Work request ::
Reproduce word for word, from the entries below, the line with "El general Sanjurjo", the line with "Tanque de 5.000", and every line between them, and nothing more.

Information given ::

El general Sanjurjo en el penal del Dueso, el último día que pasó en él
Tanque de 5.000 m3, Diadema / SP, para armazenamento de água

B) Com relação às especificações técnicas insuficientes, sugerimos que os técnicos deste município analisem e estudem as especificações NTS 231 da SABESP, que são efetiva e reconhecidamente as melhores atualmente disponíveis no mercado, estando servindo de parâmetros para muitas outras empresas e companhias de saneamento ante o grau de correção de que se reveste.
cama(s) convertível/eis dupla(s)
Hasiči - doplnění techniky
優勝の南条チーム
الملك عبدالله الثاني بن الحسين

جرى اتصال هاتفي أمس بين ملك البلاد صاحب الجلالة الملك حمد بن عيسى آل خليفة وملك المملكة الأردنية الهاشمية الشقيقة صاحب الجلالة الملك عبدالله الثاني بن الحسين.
* * *
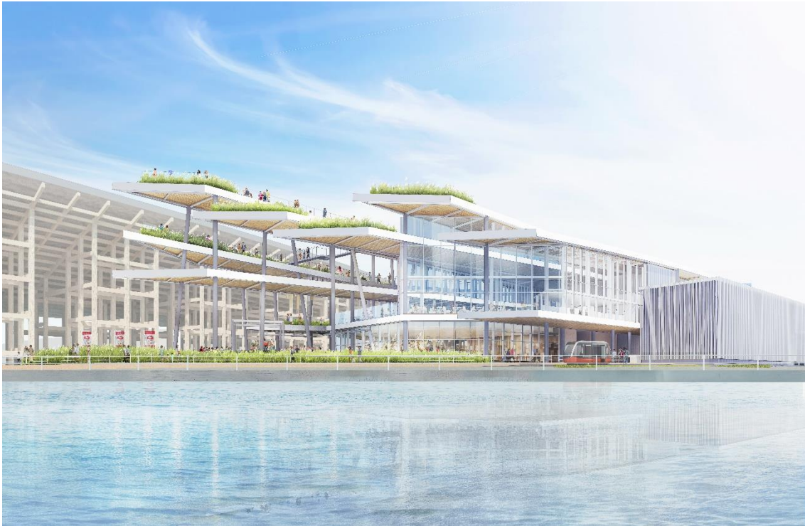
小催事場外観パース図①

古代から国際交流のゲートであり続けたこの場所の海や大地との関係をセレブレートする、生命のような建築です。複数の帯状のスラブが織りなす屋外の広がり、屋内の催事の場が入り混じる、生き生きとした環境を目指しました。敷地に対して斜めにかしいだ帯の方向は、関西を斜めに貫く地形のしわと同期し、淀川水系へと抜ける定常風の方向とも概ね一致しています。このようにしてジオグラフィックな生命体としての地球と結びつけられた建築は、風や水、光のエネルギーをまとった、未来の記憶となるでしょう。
---
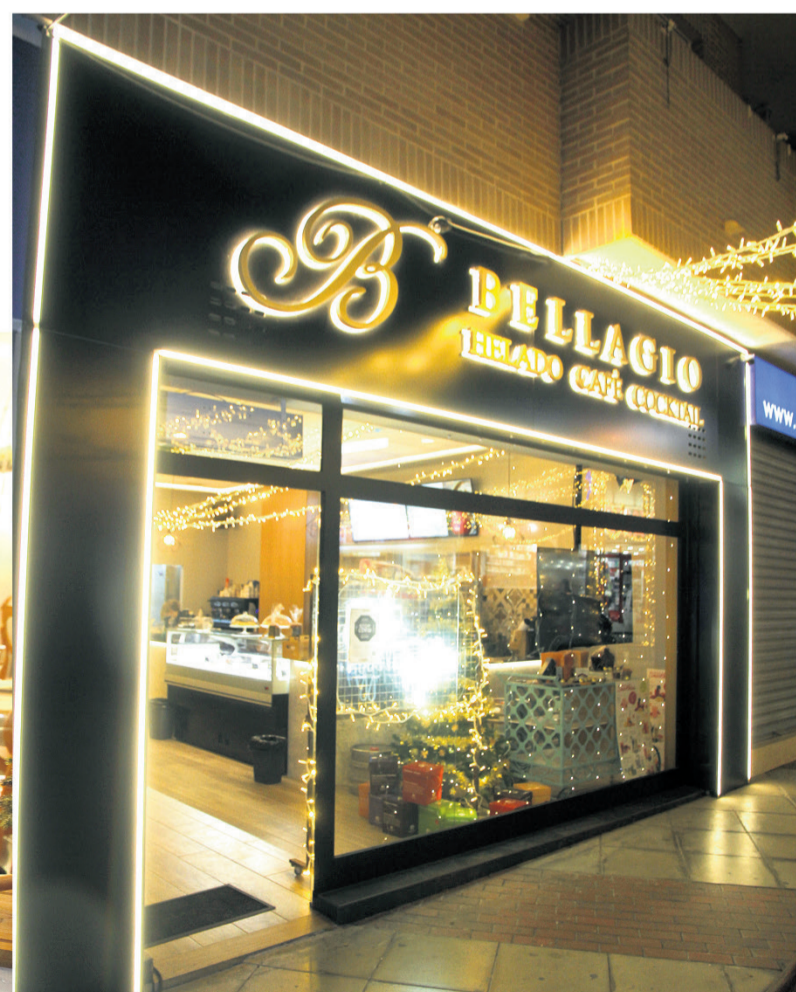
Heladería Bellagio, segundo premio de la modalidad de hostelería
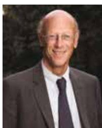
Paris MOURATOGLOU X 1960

Response to this exercise ::
El general Sanjurjo en el penal del Dueso, el último día que pasó en él
Tanque de 5.000 m3, Diadema / SP, para armazenamento de água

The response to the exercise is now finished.